AKHIRNYA PEMINDAHAN SMA 16 KE SDN 006 TELAH MENEMUI TITIK TERANG

INDCYBER.COM, SAMARINDA -Polemik pemindahan SMA 16 ke SDN 006 telah menemui titik terang, ini setelah berbagai pihak sekolah dan Dinas Pendidikan Kota maupun Provinsi Pemerintah menggelar audiensi dengan Komisi IV DPRD Kaltim.

Pertemuan dipimpin langsung oleh Ketua Komisi IV Rusman Yaqub tanpa didampingi oleh anggota Komisi IV lainnya serta dihadiri oleh Kepala Dinas Pendidikan Kota Samarinda, Kepala Dinas Pendidikan Kaltim, Kepala Sekolah masing masing serta para guru dengan menghasilkan kesepakatan jika SDN 006 ini bergabung dengan SDN 007.

Sementara itu Pemerintah Kota Samarinda melalui Diknas akan akan segera mengeksekusi pemindahan SD 006 ke SD 007 di Kecamatan Samarinda Utara. Dua sekolah tersebut akan digabung yang lokasinya tak jauh dari sekolah awalnya.

Sementara bangunan SDN 006 di Jalan Piano, Kecamatan Samarinda Ulu akan ditempati SMAN 16 Samarinda yang sempat menumpang di SMA 3 Samarinda, Jalan Juanda. Akibat kisruh ini, proses belajar mengajar murid dan siswa terganggu.

“Berdasarkan hasil kesepakatan (Komisi IV, Dinas Pendidikan kota Samarinda, Disdik Kaltim, dan Kepala sekolah, SD 006, SD 007 dan SMA 16) akan melakukan eksekusi pemindahan SD 006 ke SD 007 pada tanggal 20 atau 21 September 2018,” kata Ketua Komisi IV DPRD Kaltim, Rusman Yaqub yang memimpin rapat mediasi seorang diri tanpa ada anggota Komisi IV satupun karena berbagai macam alasan , Rabu (19/9), di Gedung D lantai 6 , DPRD Kaltim.

Saat eksekusi, pihaknya akan melibatkan Satpol PP kota Samarinda dan Kaltim serta akan melibatkan pihak kepolisian untuk melakukan penagamanan.

“Satpol PP kota dan provinsi akan diundang, kalau perlu polisi juga diundang. Dan kami juga berharap sekda atau wali kota hadir,” ujarnya.

Sementara itu Kepala Dinas Pendidikan (Disdik) Kaltim, Dayang Budiarti berharap keputusan tersebut agar secepatnya dijalankan.

“Saya berharap keputusan ini cepat diambil tindakan. Jadi kami  (Disdik Kaltim) menunggu dari Disdik Samarinda melakukan eksekusi. Kalau dinas provinsi selalu siap membantu,” ucapanya.

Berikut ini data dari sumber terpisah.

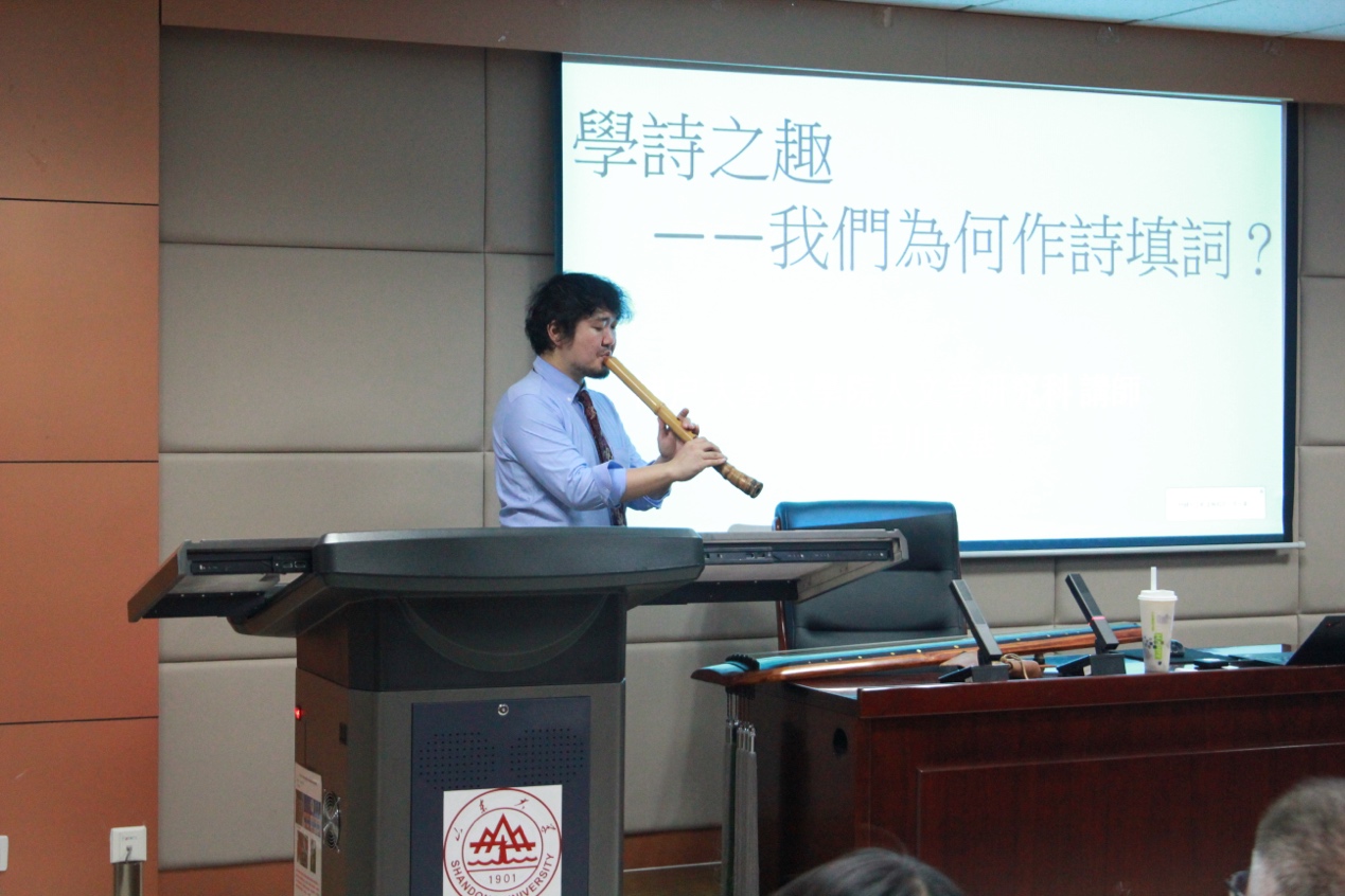 沙龙伊始,早川太基声情并茂地向在场师生介绍由唐代学者吕才发明的乐器尺八(洞萧),并现场演奏《虚灵》。早川太基结合自己新创作的诗词作品《为BEAT365英国官网网站诸生说神户大学事》、《如梦令·待诸子游神户留学》,介绍神户大学的藏书和办学情况。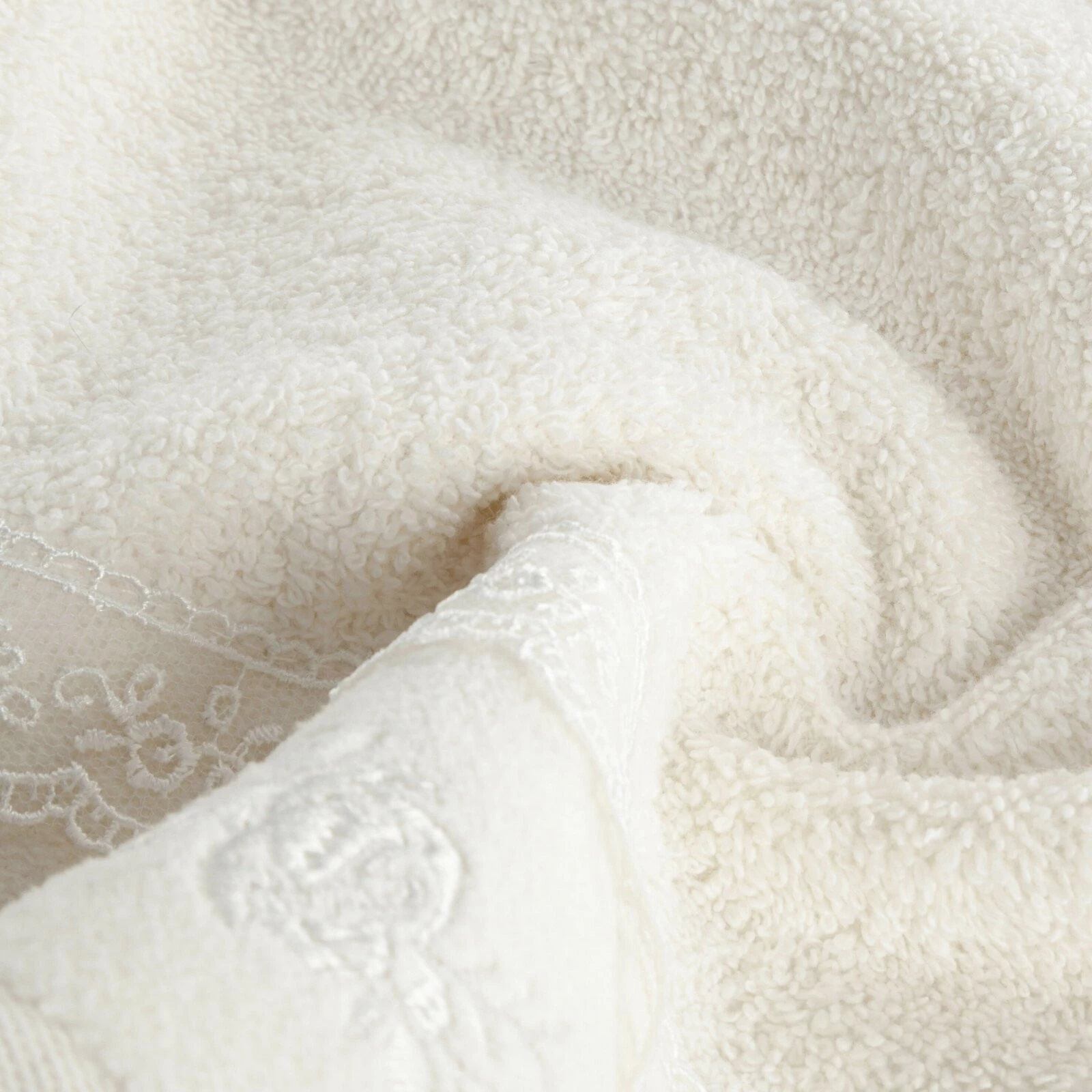 - Piękny ręcznik kąpielowy z miękkiej i chłonnej bawełny frotte zdobiony na bordiurze aplikacją w formie serduszek wypełnionych różyczkami. Doskonały na prezent. szerokość: 70 cm, długość: 140 cm, kolor: kremowy, Gramatura: 500 GSM, Skład: 100% bawełna; czę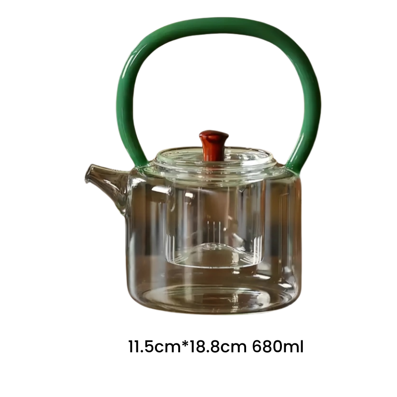 Designed for both functionality and aesthetics, the teapot features a green handle that provides a comfortable grip for easy pouring. This handle is made from high-quality materials that not only ensure a secure hold but also add a refreshing pop of color, making this teapot stand out in any setting. Whether you’re pouring for yourself or serving guests, the ergonomic handle allows for a smooth and controlled pour. For those who appreciate ergonomic design, this teapot’s handle is a perfect match. It pairs well with a ceramic tea mug with infuser and lid.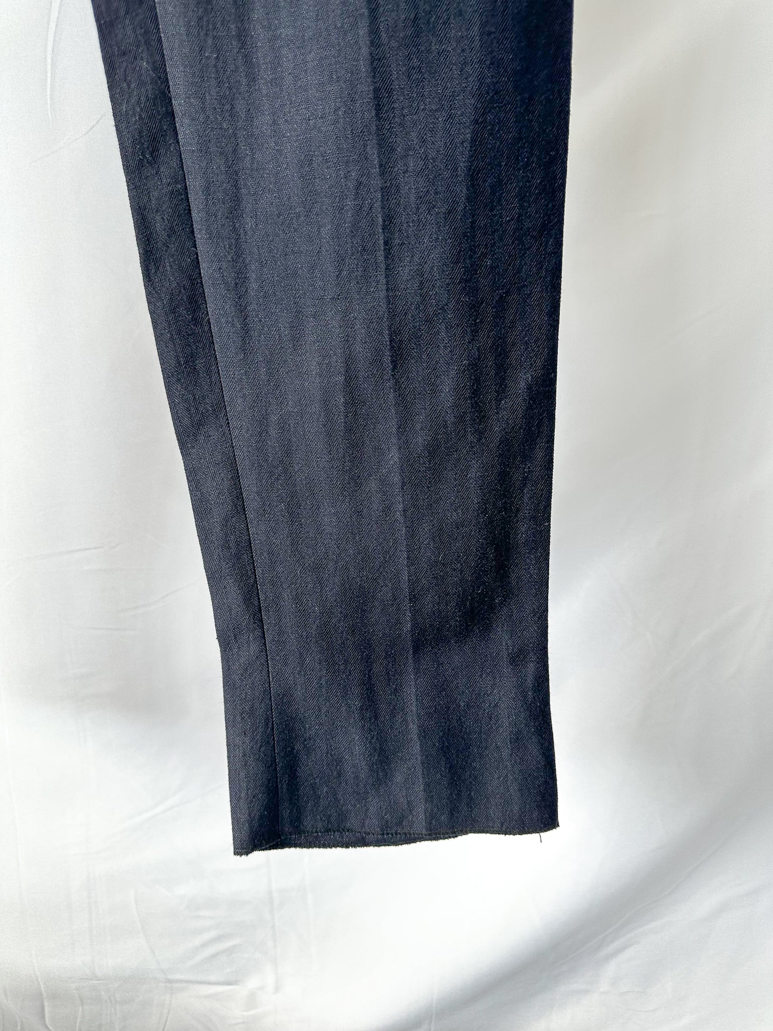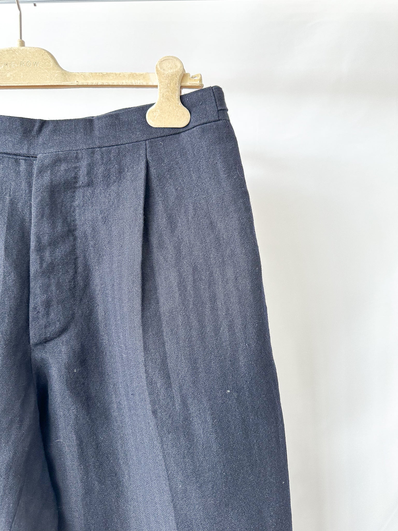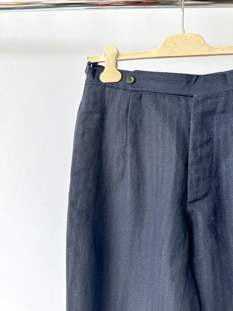 Affirmez votre style avec le pantalon Drake en mélange de laine et de lin bleu marine à chevrons. Confectionné dans un mélange unique de laine et de lin, ce pantalon offre une texture remarquable et un confort respirant. Son motif à chevrons bleu marine apporte une touche d'audace aux costumes classiques, idéal pour celles qui souhaitent afficher une allure affirmée tout en restant élégantes et décontractées.

Atas pemindahan tersebut, Dayang mengaku tidak jadi masalah.

“Kalau SD digabungkan dengan SD itu sangat bagus,yang tidak bagus itu kalau SD digabung dengan SMA. Dari segi psikologis anak tidak bagus, karena anak SD kan kecil ketemu sama yang besar,” katanya.

“Kami yakin, kalau digabung ruangan cukup kalau tidak cukup ya kita ajukan anggaran untuk pembangunan penambahan ruang kelas kan begitu saran Ketua Komisi IV tadi ,”sambungnya.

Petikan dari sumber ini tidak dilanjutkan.